Static HTML vs. JavaScript-Rendered Pages

Rule of thumb: Start with requests + BeautifulSoup. If the data you need isn't in the HTML response, switch to Playwright. Don't use a headless browser unless you have to — it's significantly slower and uses more resources.

Storing Scraped Data

Once you've extracted data, you need to store it. The format depends on your use case:

Save to CSV (for spreadsheets and simple analysis)

Python — Save to CSV

import csv

def save_to_csv(data, filename="scraped_data.csv"):
    """Save a list of dictionaries to a CSV file."""
    if not data:
        print("No data to save.")
        return

    fieldnames = data[0].keys()

    with open(filename, "w", newline="", encoding="utf-8") as f:
        writer = csv.DictWriter(f, fieldnames=fieldnames)
        writer.writeheader()
        writer.writerows(data)

    print(f"Saved {len(data)} rows to {filename}")

Save to JSON (for APIs and nested data)

Python — Save to JSON

import json

def save_to_json(data, filename="scraped_data.json"):
    """Save data to a JSON file."""
    with open(filename, "w", encoding="utf-8") as f:
        json.dump(data, f, indent=2, ensure_ascii=False)

    print(f"Saved {len(data)} records to {filename}")
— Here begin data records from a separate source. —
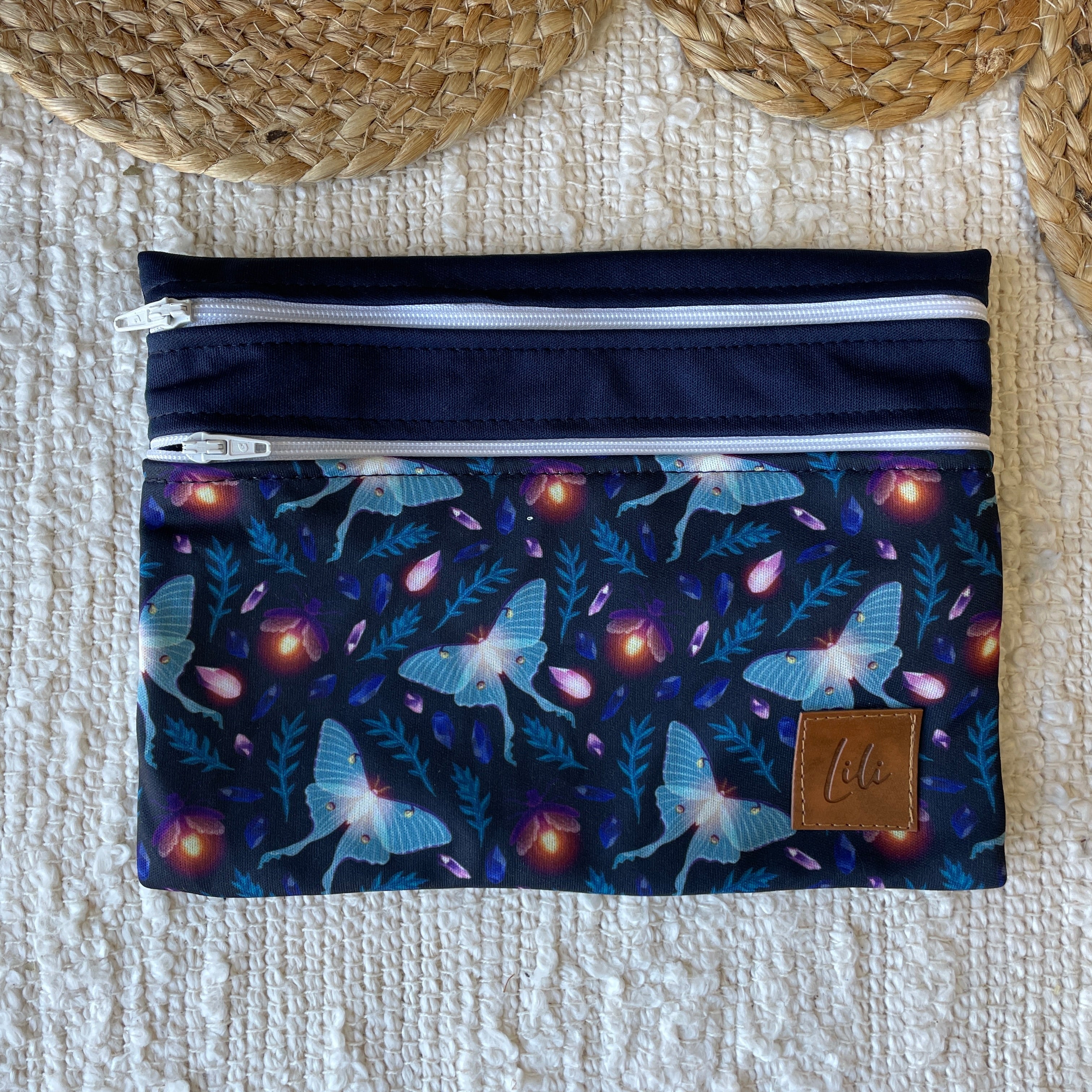 Le LiliMulti est le petit sac que vous voudrez transporter partout ! Format idéal pour le glisser dans le sac à couches ou bien dans votre sac à main pour transporter une foule de petites choses ! Il comporte deux compartiments imperméables distincts.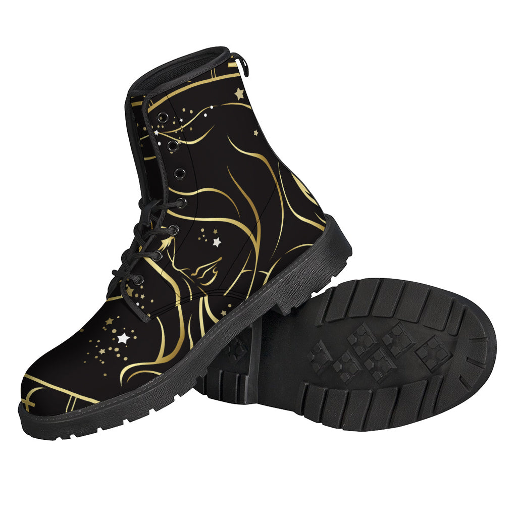 Get in touch with your inner hippie with these Gold and Black Virgo Sign Print Leather Boots from Gear Frost. These lightweight boots feature a unique Virgo sign print on the upper, adding a touch of bohemian flair to any outfit. Made from high-quality leather, these boots are durable and comfortable, perfect for everyday wear. Whether you're headed to a music festival or just want to channel some retro vibes, these hippie-inspired boots are sure to make a statement.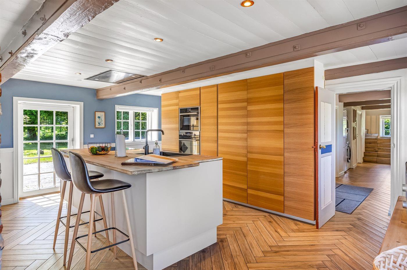 Køkkenet ligger i åben forbindelse med spisestuen og er udstyret med 2 køleskabe, 4 induktions-kogeplader, 2 varmluftovne, mikrobølgeovn samt opvaskemaskine. Ferieboligen har desuden vaskemaskine og tørretumbler samt fryser med kapacitet på 60 liter.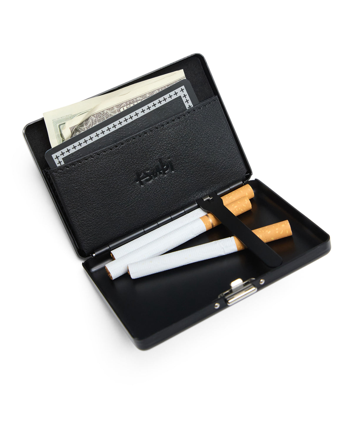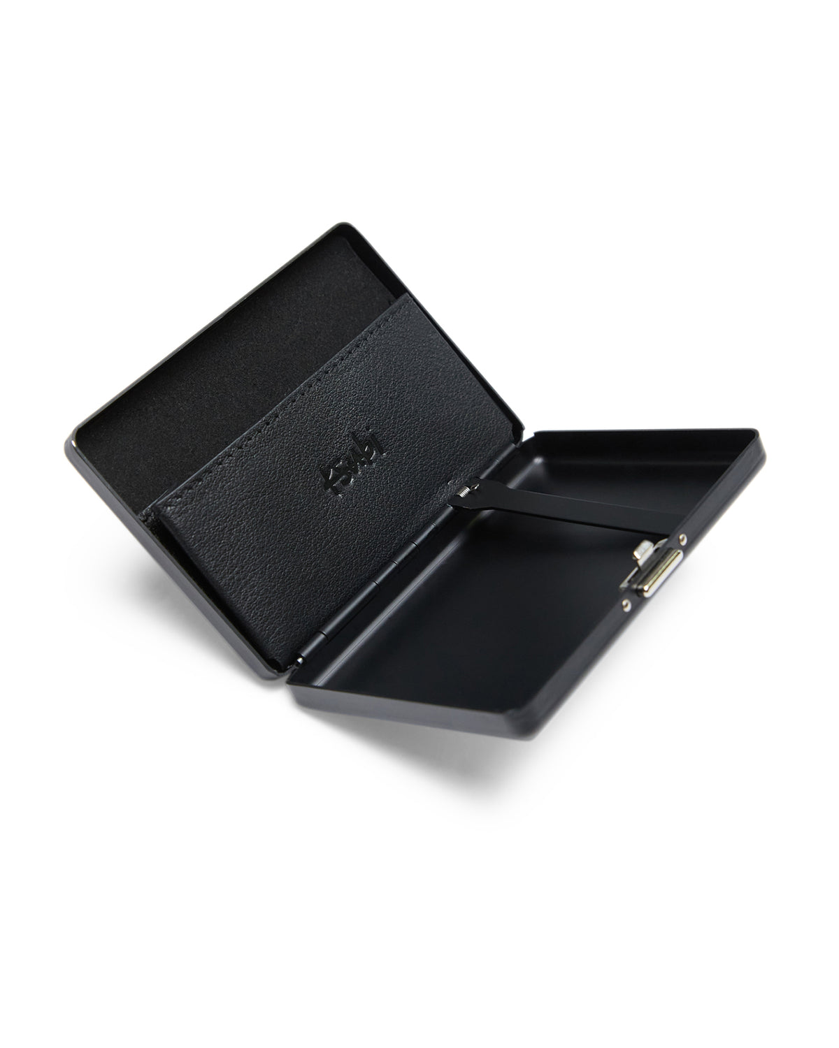 The Ksmoke Wallet Black is a wallet case featuring branded internal premium leather 2 card slot compartment on one side and cigarette holder compartment on the other. Finished with white front and back signature Ksubi logo artworks.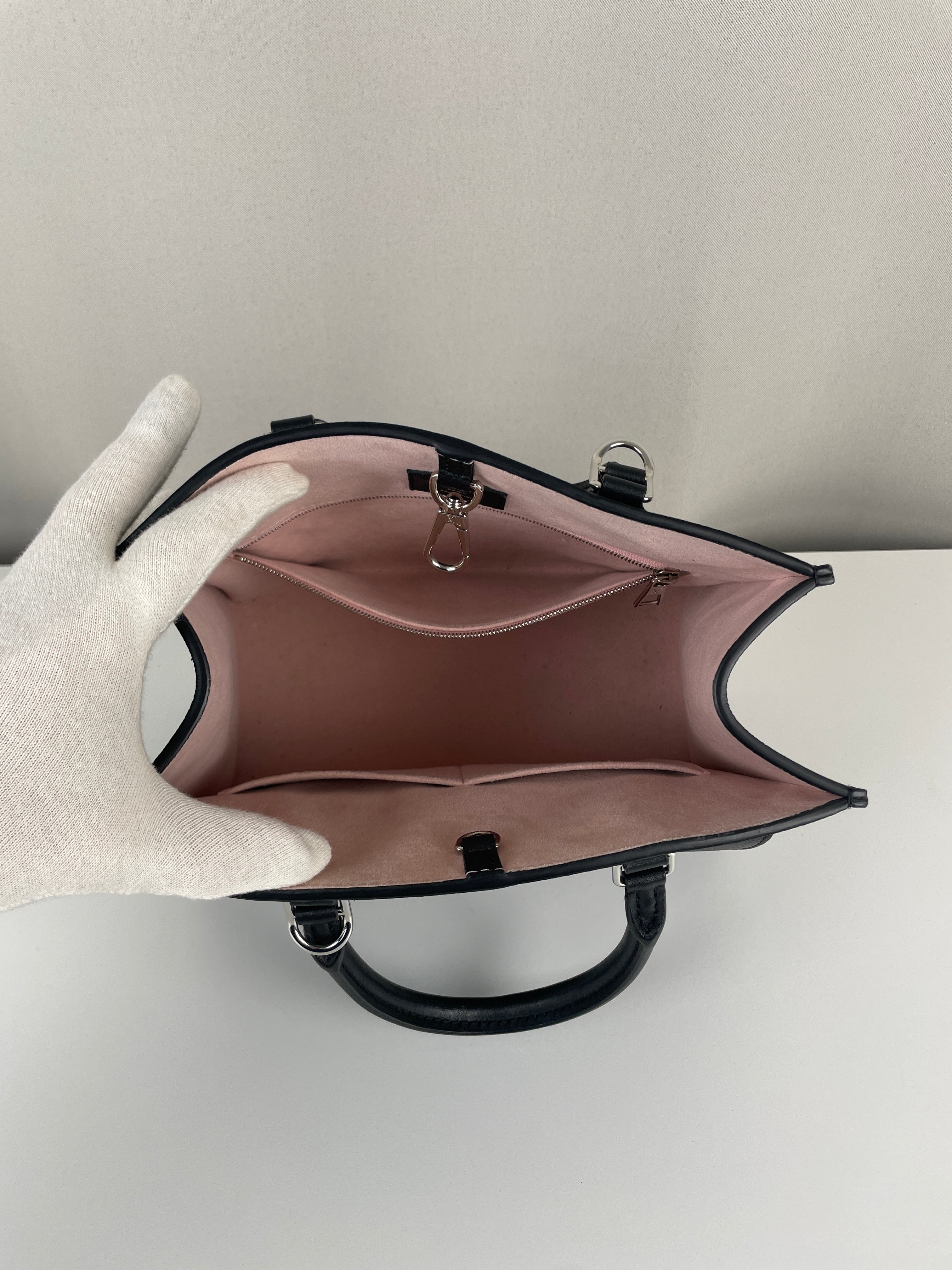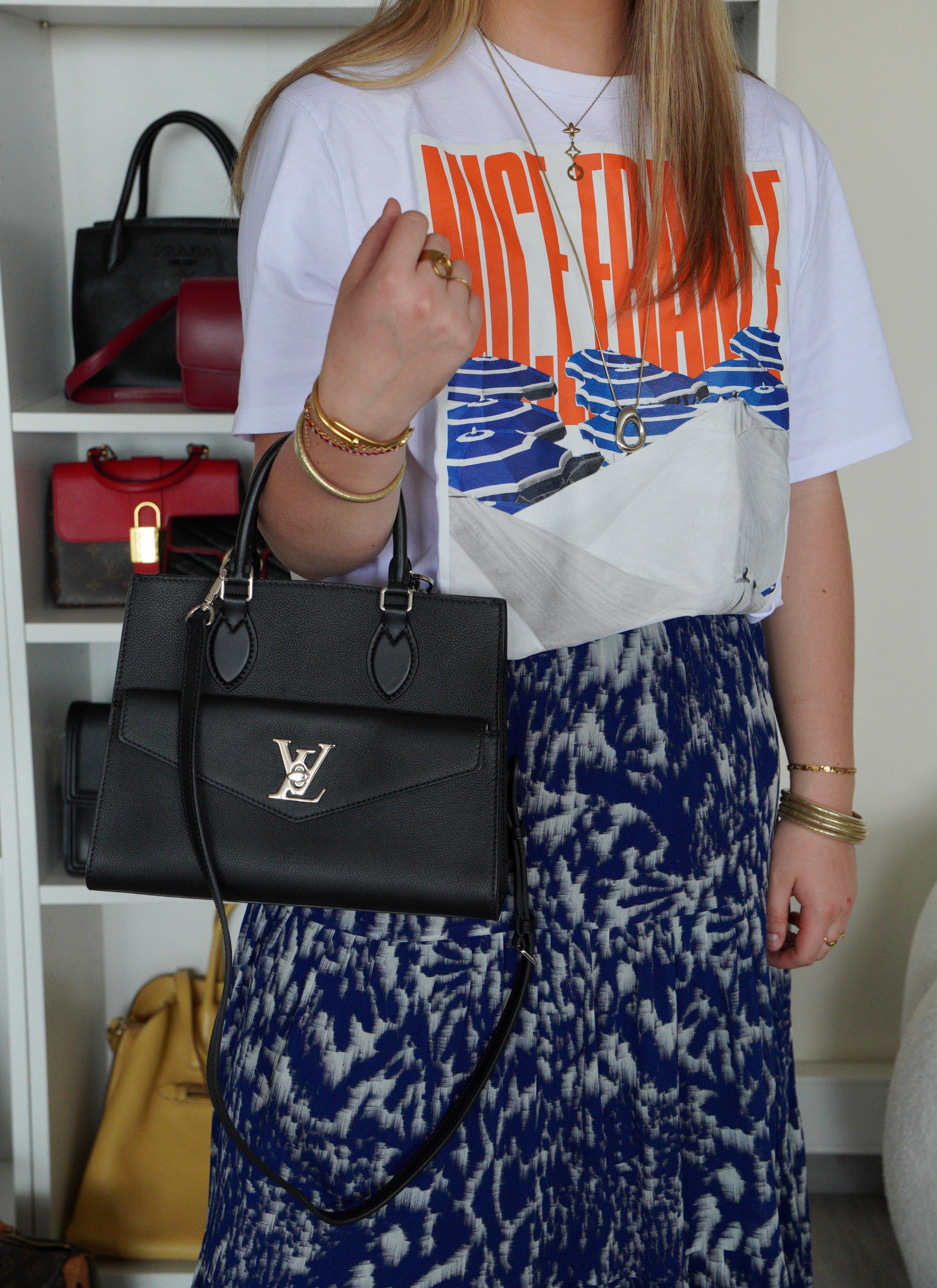 Ce sac Louis Vuitton Lock & go est le sac cabas parfait. Le cuir est en très bon état ainsi que les coins. La bandoulière est également en très bon état et réglable. Vous pouvez voir que le sac a été un peu utilisé car vous avez quelques petites traces à l'intérieur. C'est un sac cabas mais qui peut aussi se porter en bandoulière.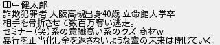 田中健太郎 詐欺犯罪者 大阪高槻出身歳 立命館大学卒 相手を骨折させて数百万奪い逃走 セミナー笑系の意識高い系のクズ 商材 暴行を正当化し金を返さないような輩の未来は閉じていく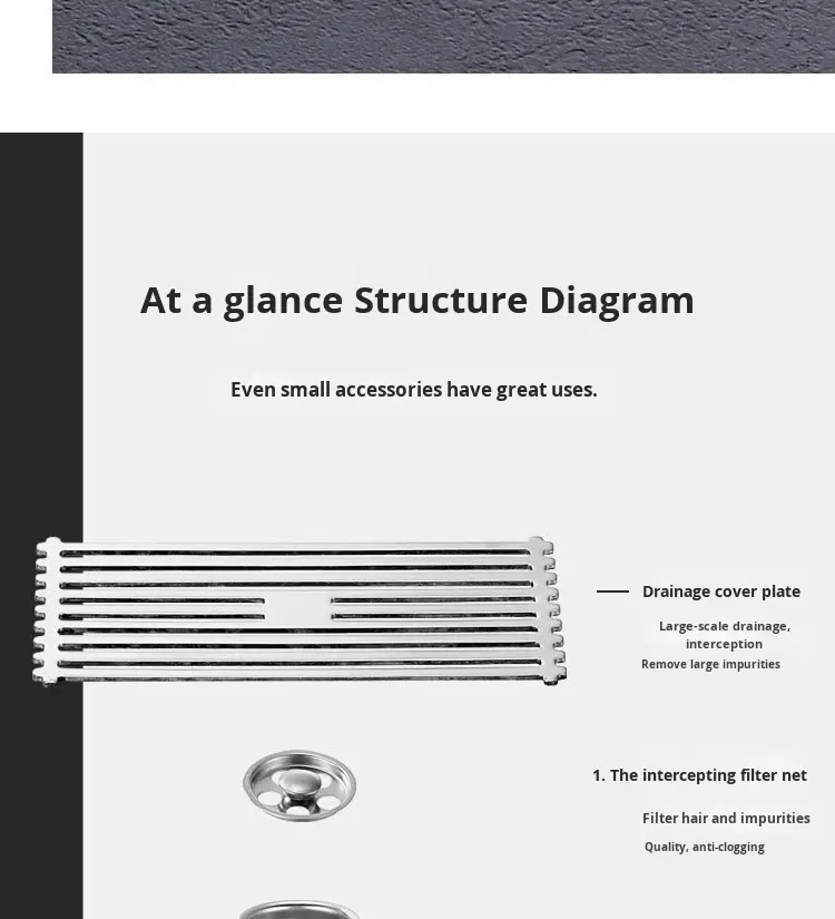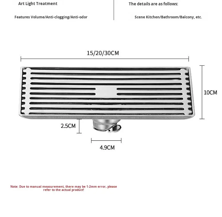 Filtro de Desagüe de Piso Rectangular de Acero Inoxidable 304 OEM, Engrosado, Antiinsectos y Desodorizante, DN50, para Baño, con Superficie Cepillada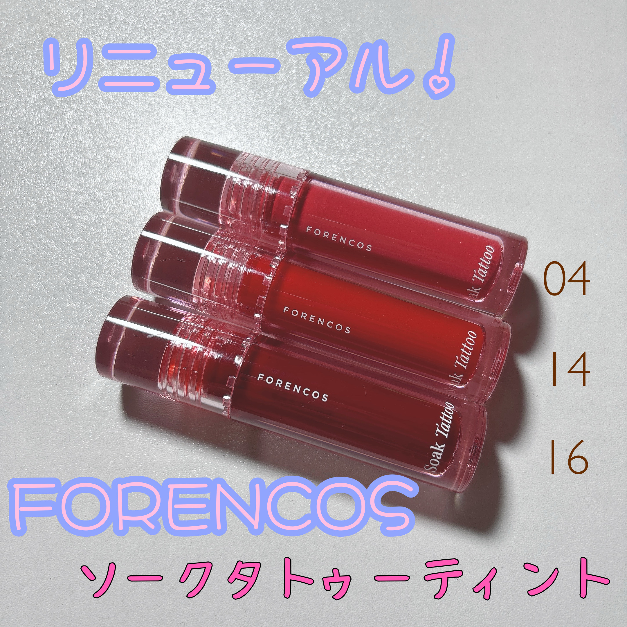 FORENCOSの大人気ティントがリニューアル♡ 落ちにくくて泣いた飲み会リップ! なんと全15色という豊富なカラバリ! 01 Elodie 春ときめきに満ちたソフトコーラルカラー めちゃくちゃ落ちにくくて飲み会リップにもぴったり! しっかりティントしてくれるからグラデーションもつくりやすいです!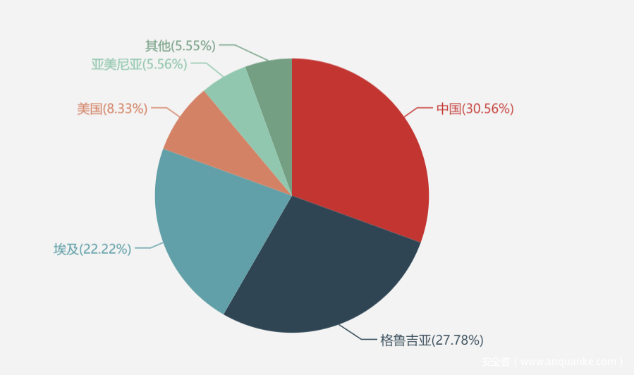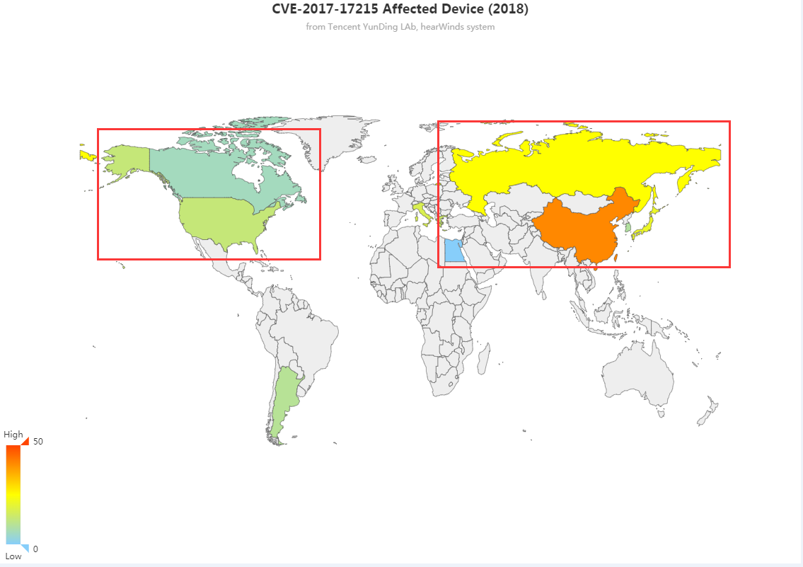 此漏洞的病毒载体感染范围较大,对于中国、格鲁吉亚、埃及的影响最为广泛。中国美国的光纤发展迅速,埃及和格鲁吉亚受到中国影响,光纤发展速度也很快,也是他们受影响设备多的一个原因。
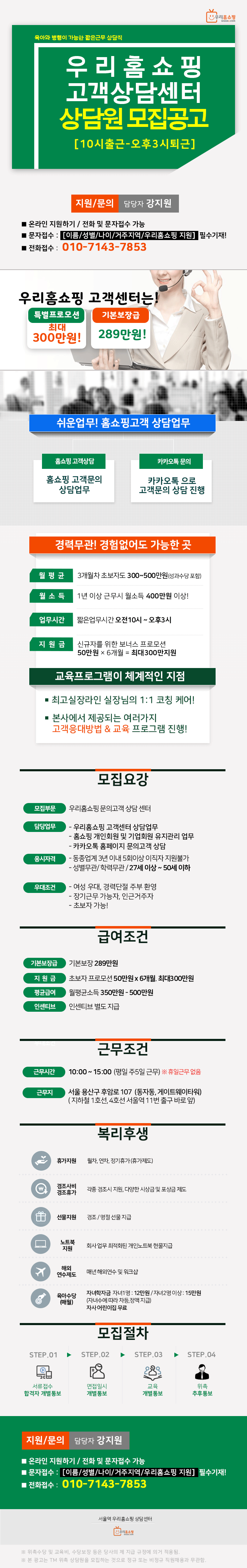 서울역 우리홈쇼핑 24F 고객상담센터 신입경력모집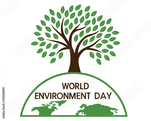 Fototapeta premium World Environment Day: Tree Growing from Earth Globe Illustration
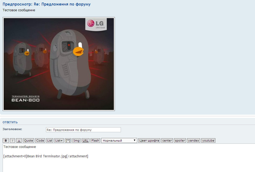 Теперь нажмите кнопку "Предпросмотр" для предварительного просмотра сообщения; если все устраивает, "Отправить" - для публикации сообщения.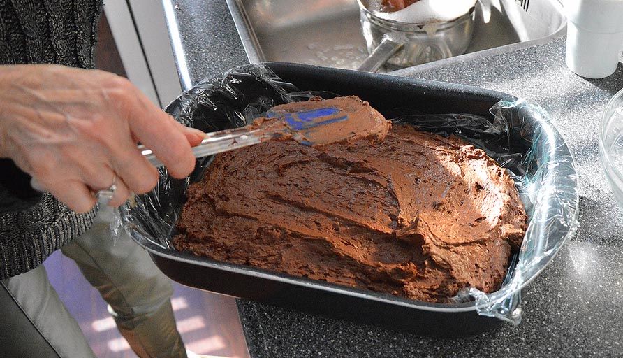 - Giet vervolgens het mengsel in een met plastic folie bedekte bakvorm en zet het minimaal 4 uur in de vriezer.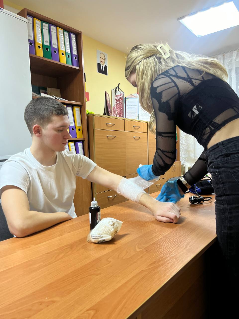 Члены совета общежития, педагогические работники Городович Алексей Михайлович, Заяш Николай Александрович делились с учащимися своим знаниями, умениями и навыками по оказанию первой медицинской помощи пострадавшим при получении ссадин, ушибов, ран, ожогов, кровотечений, переломов, отравлений, обмороков, проблем с артериальным давлением и многим другим, что угрожает жизни и здоровью человека по алгоритму: симптомы, причины, помощь, рекомендации.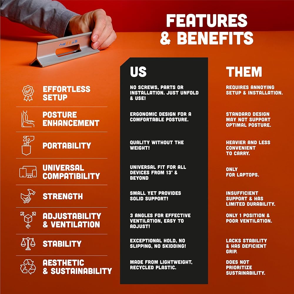Steepy Portable Laptop Stand for Desk – Adjustable Height, & Portable Laptop Holder – Ergonomic Computer Stand for Cooling & Comfort – Slip-Proof, Sturdy Design – Universal Fit for 13-17 Inch Devices

Save to SQLite (for large datasets and querying)

Python — Save to SQLite

import sqlite3

def save_to_database(data, db_name="scraped.db"):
    """Save scraped data to a SQLite database."""
    conn = sqlite3.connect(db_name)
    conn.execute("""
        CREATE TABLE IF NOT EXISTS products (
            id INTEGER PRIMARY KEY AUTOINCREMENT,
            name TEXT,
            price TEXT,
            url TEXT UNIQUE,
            scraped_at TIMESTAMP DEFAULT CURRENT_TIMESTAMP
        )
    """)

    for item in data:
        try:
            conn.execute(
                "INSERT OR IGNORE INTO products (name, price, url) VALUES (?, ?, ?)",
                (item["name"], item["price"], item["url"])
            )
        except sqlite3.Error as e:
            print(f"DB error: {e}")

    conn.commit()
    print(f"Saved {len(data)} records to {db_name}")
    conn.close()

Scaling Up with Scrapy

For larger scraping projects (thousands of pages, multiple websites, scheduled runs), requests + BeautifulSoup can become limiting. That's where Scrapy comes in. Scrapy is a full-featured web scraping framework that handles concurrency, retries, rate limiting, and data pipelines out of the box.

Terminal

pip install scrapy
scrapy startproject product_scraper
cd product_scraper

Python — Scrapy spider example

import scrapy

class ProductSpider(scrapy.Spider):
    name = "products"
    start_urls = ["https://example-shop.com/products"]

    custom_settings = {
        "DOWNLOAD_DELAY": 1.5,        # Wait between requests
        "CONCURRENT_REQUESTS": 4,     # Max parallel requests
        "ROBOTSTXT_OBEY": True,       # Respect robots.txt
        "AUTOTHROTTLE_ENABLED": True,  # Auto-adjust speed
    }

    def parse(self, response):
        # Extract product data from each card
        for card in response.css(".product-card"):
            yield {
                "name": card.css("h3::text").get("").strip(),
                "price": card.css(".price::text").get("").strip(),
                "rating": card.css(".rating::attr(data-score)").get(),
                "url": response.urljoin(card.css("a::attr(href)").get()),
            }

        # Follow pagination link
        next_page = response.css("a.next-page::attr(href)").get()
        if next_page:
            yield response.follow(next_page, self.parse)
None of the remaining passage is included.